Os nordestinos, notadamente a sua classe política, seriam caracterizados pela corrupção (não é mera coincidência que a operação Lava Jato deu origem a chamada República de Curitiba, decantada em outdoor como a terra de combate a corrupção, era o justiceiro sulista contra os políticos corruptos do Nordeste, tal como o seu principal alvo, o ex-presidente Luís Inácio Lula da Silva), pelo atraso das ideias e práticas e pelo coronelismo. Os nordestinos não saberiam votar, se deixando levar não pela racionalidade, mas pela necessidade, nordestino votaria com o bucho e não com a cabeça. 

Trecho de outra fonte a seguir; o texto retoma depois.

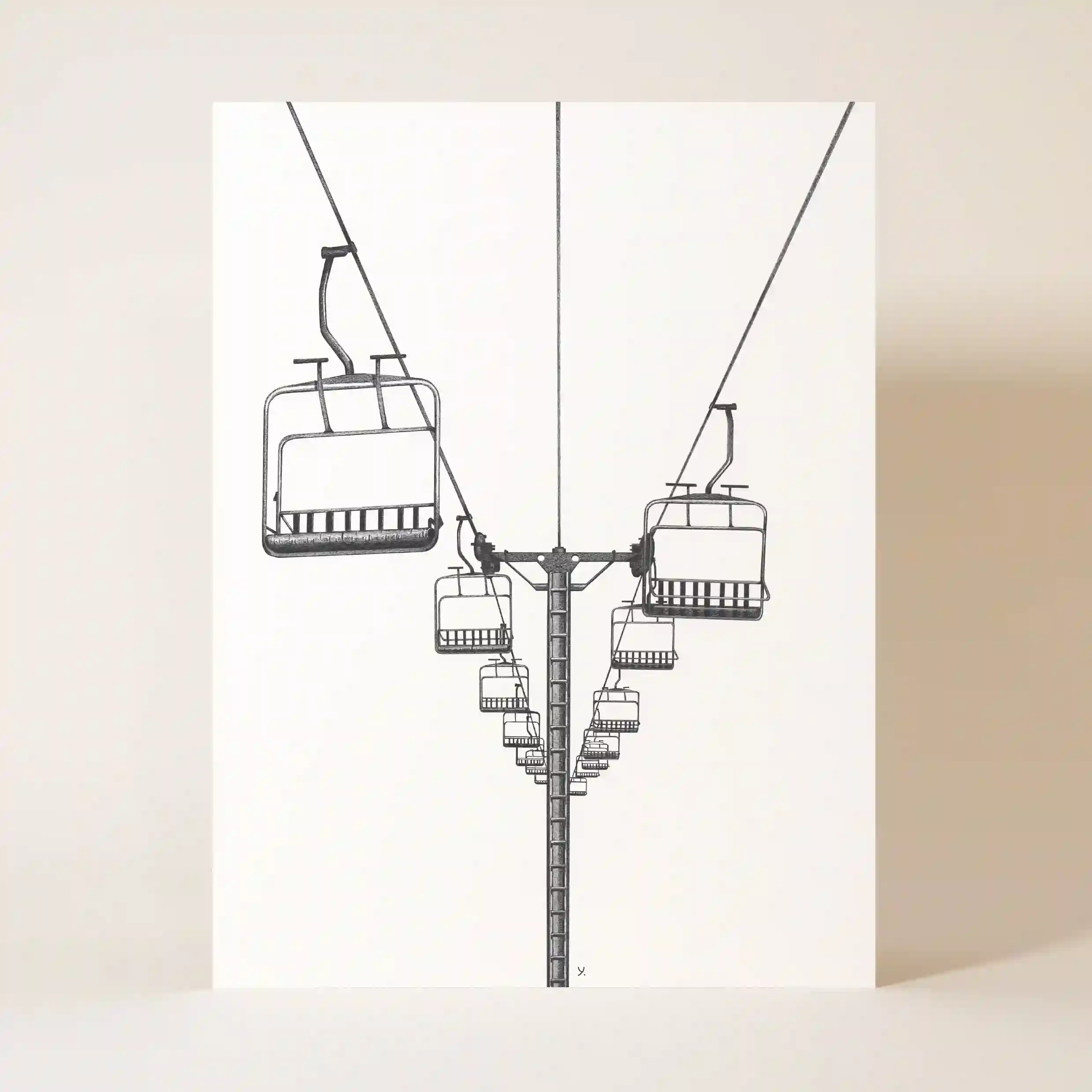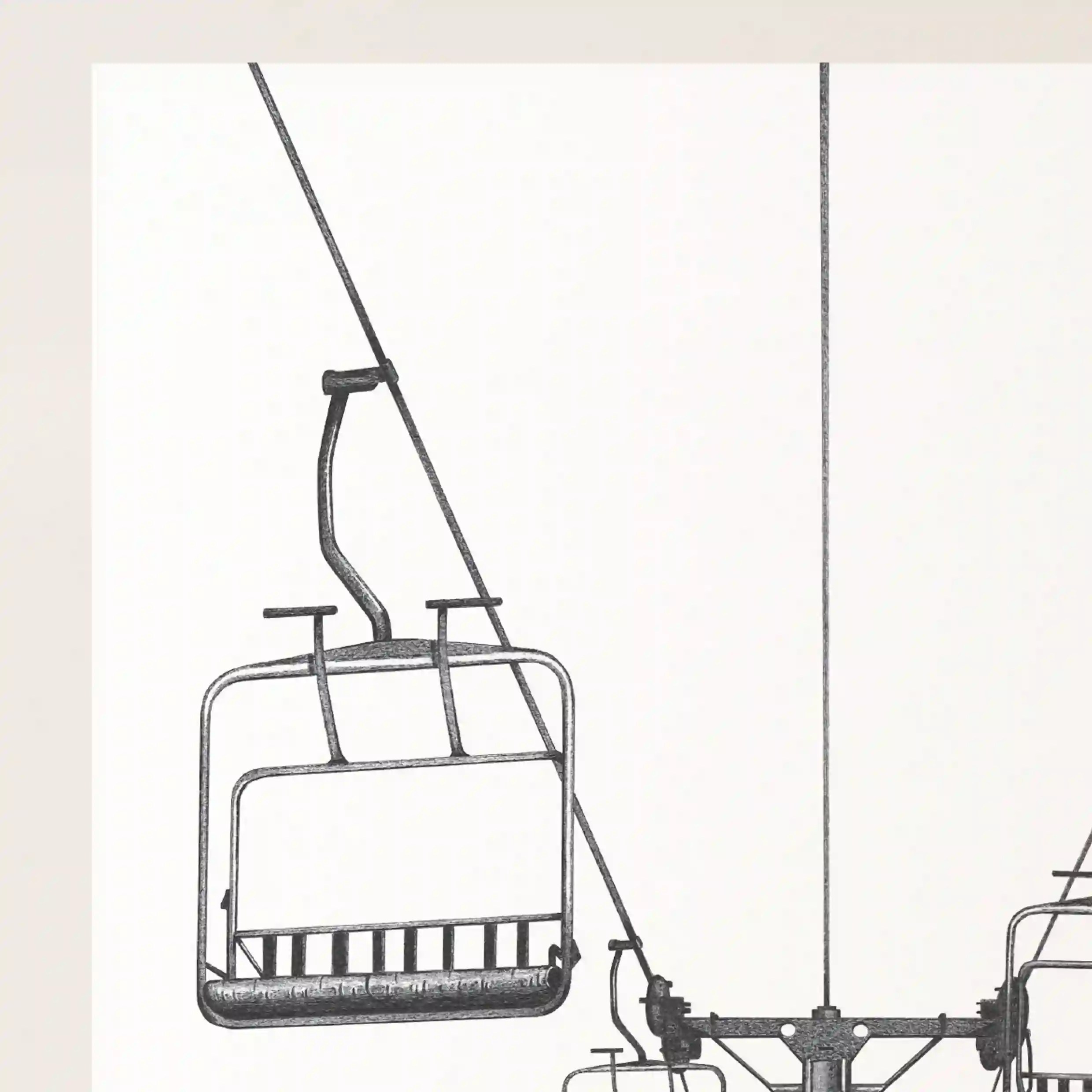 Chaque détail de cette illustration est travaillé avec finesse, depuis les arceaux métalliques des télésièges jusqu’à la structure de la ligne de remontée, rendant hommage aux infrastructures emblématiques des sports d’hiver. Ce dessin capture un moment suspendu, un instant d’attente entre ciel et montagne, où le silence n’est troublé que par le doux balancement des sièges.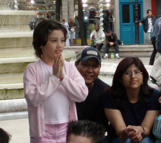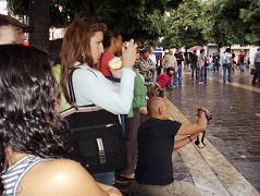 ![]() 观众用相机纪录精彩画面 | ![]() 法国女孩模仿法轮功炼功动作 |

O fato da esquerda, do PT, ter vencido com votações expressivas no Nordeste, todas as últimas cinco eleições presidenciais, deu aos neonazistas brasileiros mais um argumento contra os nordestinos: eles, assim como eram os judeus (afinal Karl Marx era judeu), seriam comunistas. O movimento separatista nomeado de “o Sul é o meu país” surgiu da contrariedade de parcelas das classes médias desses estados com o fato de que essa região não consegue ser decisiva no processo eleitoral brasileiro, assim como os nove estados nordestinos são, notadamente, a Bahia.

O estereótipo do baiano, a forma como os nordestinos são genericamente identificados em São Paulo, muito influencia para a percepção neonazista acerca dos nordestinos. Eles seriam sujos, pouco civilizados, perigosos, tendentes a violência e a criminalidade (o uso da faca peixeira seria uma possibilidade iminente) já que se concentrariam nas áreas de maior pobreza e exclusão das grandes metrópoles do país. Os nordestinos seriam feios, não atenderiam aos padrões estéticos ditados pelo arianismo (como pregava o nazismo), não atenderiam aos requisitos de branquitude e europeidade, a cabeça-chata, o raquitismo e o desengonçado do corpo do retirante, fariam dos nordestinos o exemplo de inferioridade natural e biológica. 

Ignorantes, seriam pouco afeito ao trabalho intelectual, voltados para o trabalho braçal e para as ocupações de menor prestígio. Por isso mesmo contribuiriam para o atraso cultural e tecnológico do país. Se não conseguimos ombrear com os países do Norte global, é porque somos habitados por sub-raças como os nordestinos e nortistas. 

O nordestino se constitui assim num bode expiatório para toda sorte de ressentimentos e frustrações de ordem social, cultural, política ou emocional-afetiva. Ele é sempre aquele que pode se culpar pela vida coletiva do país ou pela vida individual não estar conforme se sonha ou se deseja. O inferior, o indesejável, aquele a quem, em última instancia, se deseja a eliminação e o desaparecimento. 

O crescimento do neonazismo é um fenômeno preocupante em termos globais, não apenas no Brasil. É preciso não apenas a denuncia e a repressão, mas sobretudo o esclarecimento da população, através da educação, o que foi o nazismo e o que ele verdadeiramente significou na história da humanidade: morte, violência, discriminação, perseguição, guerra, o desrespeito aos preceitos básicos da civilização, dos direitos humanos e da convivência entre pessoas, povos e nações.

*Esse texto reflete, exclusivamente, a opinião do autor.